Dialogo inquieto
Maestro,
vorrei prendere la parola , in difesa dei nove lebbrosi che non sono tornati a ringraziarti.
…. “Gli altri nove dove sono?”…
Sono andati, di corsa, dove Tu li hai inviati: ai sacerdoti del tempio.
Tu sai quanto questi erano fiscali; senza il loro beneplacito quei poveretti non potevano rientrare dalle loro famiglie, riabbracciare le loro spose e i loro figli.
E riprendere a vivere!
Sì, purtroppo è così: la guarigione operata da Te non era sufficiente a ridare loro una possibilità di vita nella comunità di appartenenza.
Avrebbero dovuto avere il coraggio di dare a tutto quel loro mondo un calcio e via.
Avrebbero dovuto avere fede in Te; lasciare tutti e tutto e seguirti.
Eppure, Tu hai voluto inviarli al tempio; nella tua saggezza hai ritenuto che non fosse ancora giunto il tempo di andare oltre...
Tu sapevi quanto dura fosse la Legge: “ se la piaga è piaga di lebbra, il sacerdote dopo averla esaminata, dichiari quell’uomo immondo!” (Levitico 13,3).
E la notte e la disperazione piombavano, irrimediabilmente su quella esistenza.
La legge del Libro, inesorabilmente e spietatamente continua: “il lebbroso colpito dalla lebbra porterà vestiti strappati e il capo scoperto, si coprirà la barba gridando: immondo, immondo! E sarà immondo finché avrà la piaga. E’ immondo, se ne resterà solo, abiterà fuori l’accampamento” (Levitico 13,45-46).
Solo un miracolo poteva strapparlo da quella morte anzi tempo. E forse il ricco, questi sì, poteva scampare da questa abiezione: nascondendo nel suo palazzo e coperto di adeguati vestiti la sua maledizione.

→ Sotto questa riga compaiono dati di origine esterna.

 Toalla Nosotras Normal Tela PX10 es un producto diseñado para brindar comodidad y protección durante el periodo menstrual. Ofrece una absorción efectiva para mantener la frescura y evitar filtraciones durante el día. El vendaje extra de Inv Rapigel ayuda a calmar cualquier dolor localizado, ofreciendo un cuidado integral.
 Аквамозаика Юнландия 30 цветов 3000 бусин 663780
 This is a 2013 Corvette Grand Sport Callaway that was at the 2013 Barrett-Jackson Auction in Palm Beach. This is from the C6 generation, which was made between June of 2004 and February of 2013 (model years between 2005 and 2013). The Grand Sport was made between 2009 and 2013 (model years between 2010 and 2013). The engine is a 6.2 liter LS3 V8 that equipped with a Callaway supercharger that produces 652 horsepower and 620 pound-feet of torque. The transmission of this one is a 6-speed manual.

Tu li hai, dunque, tutti liberati da quella maledetta piaga, ma non hai ritenuto fosse giunto il momento diliberarli dal Tempio, dalla Religione, dai Sacerdoti.

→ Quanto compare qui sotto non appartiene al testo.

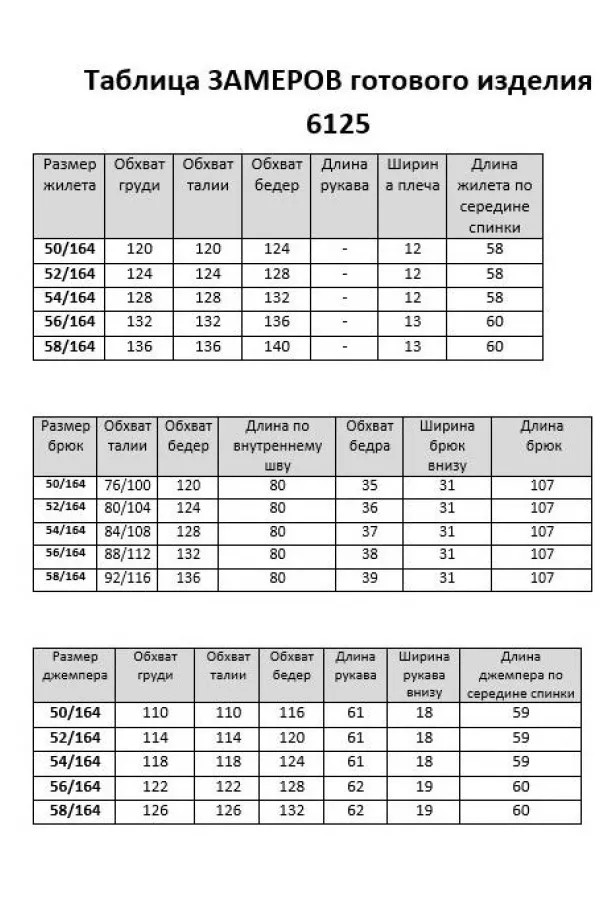 | Ткань | Жилет и брюки: 98% полиэстер 2% спандекс. Джемпер: 81% полиэстер 14% вискоза 5% спандекс. |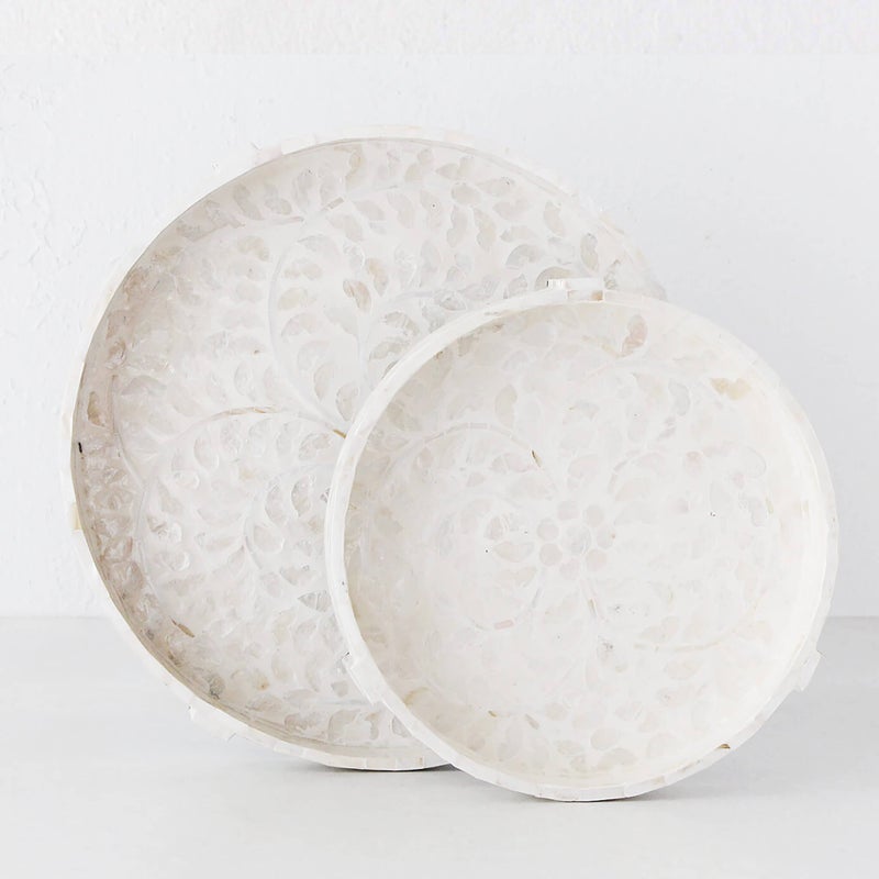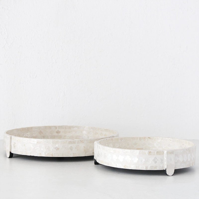 Purchase Handmade capiz shell pearl inlay round tray with feet M-L online now from Six things shop Australia.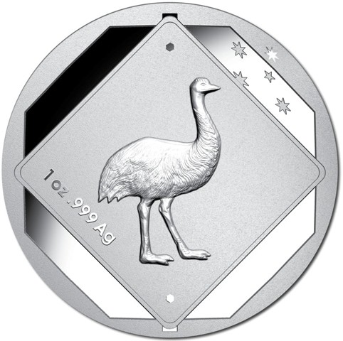 Within an octagon rim, the reverse features an iconic diamond-shaped “emu Crossing” road sign as seen on the roads of Australia to alert drivers for emu potentially crossing the road, features Australia’s iconic native bird, the emu, which stands proudly on the Commonwealth Coat of Arms. with a shining finish for the background. The metal, weight and purity marks "1 oz .999 Ag" are etched along diagonally below left. Behind the sign, five stars of the Southern Cross constellation from the Australian flag dot the distance.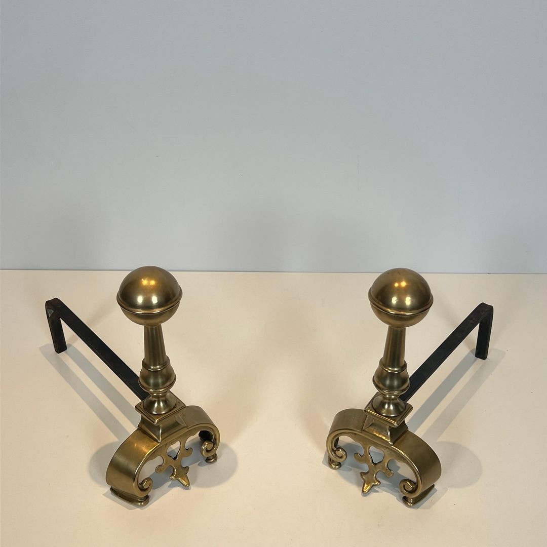 A pair of neoclassical brass andirons of the type produced by the most accomplished French bronziers of the Belle Époque. Each upright rises from an ornate cast base enriched with scrollwork and foliage, its turned column culminating in a polished sphere finial—a form at once classical in its antecedents and satisfyingly resolved in proportion. The ball finial on a turned shaft is among the most canonical of French andiron types, appearing with consistent authority from the Louis XVI period through the Empire and into the neoclassical revivals of the late nineteenth and early twentieth centuries. The warm, polished brass finish presents with the depth and luminosity characteristic of quality period metalwork.

Il Tempio ha pesato anche su di Te e sul tuo cammino.
Quelle pietre ti faranno persino piangere, un giorno, nella mestizia di una fine, temuta prevedibile vicina, ma non scansata.
E doveva ancora arrivare il giorno in cui avresti detto ad una donna della Samaria:verrà il tempo in cui non adorerete il Signore né nel tempio sul vostro monte né nel tempio a Gerusalemme; adorerete Dio in Spirito e Verità.
Non ti poteva comprendere quella donna e non abbiamo ancora compreso noi stessi, oggi, quella tua parola sconvolgente e liberatrice. E abbiamo costruito nuovi templi e nuovi recinti sacri: perché risulti chiaro ed evidente, chi sta dentro e chi sta fuori.
I nove, intanto, guariti dalla piaga, dal disonore e dall’esclusione, sono subito rientrati nell’appartenenza e nella sicurezza della Legge. Al sacerdote avranno detto: un Profeta ci ha guariti e ci ha inviati a te. E il sacerdote non ha indagato ulteriormente: se vi ha detto di passare da noi, non è, per ora, un profeta temibile.
Solo uno straniero è riuscito a percepire la novità.
Il tuo evangelista riferisce che tu gli hai detto: la tua fede ti ha salvato.
La fede in Te e non nel Tempio?
Salvato dalla religione e dalla schiavitù della Legge ed ora libero di seguirti, di amare le cose che Tu ami e Te stesso? …mettersi alla tua sequela…
E perché questo evento capita ad uno straniero e non alla gente del tuo popolo eletto?
Forse perché egli, lo straniero, è già fuori dal Tempio?
Lui, unescluso a prescindere dalla lebbra, ti ha riconosciuto.
Un giorno a Giovanni il battista che mandava i suoi discepoli a interrogarti, hai risposto: “andate e riferite a Giovanni: i ciechi recuperano la vista, gli storpi camminano, i lebbrosi sono guariti (Matteo, 11,4). E non aggiungesti altro; l’evocazione di quelle parole degli antichi profeti doveva bastare.
Ai nove, rientrati nella Legge e nella Religione, le conosciute e venerate parole dei profeti apparivano come suppellettili sacri e preziosi da venerare, ma da lasciare lì, nel Tempio; chiusinel mobiletto dei sacri rotoli delle sacre scritture.
E Tu – sempre più fuori e lontano da tutti i Templi - continui il tuo cammino di profeta del Padre e compagno di strada dello straniero.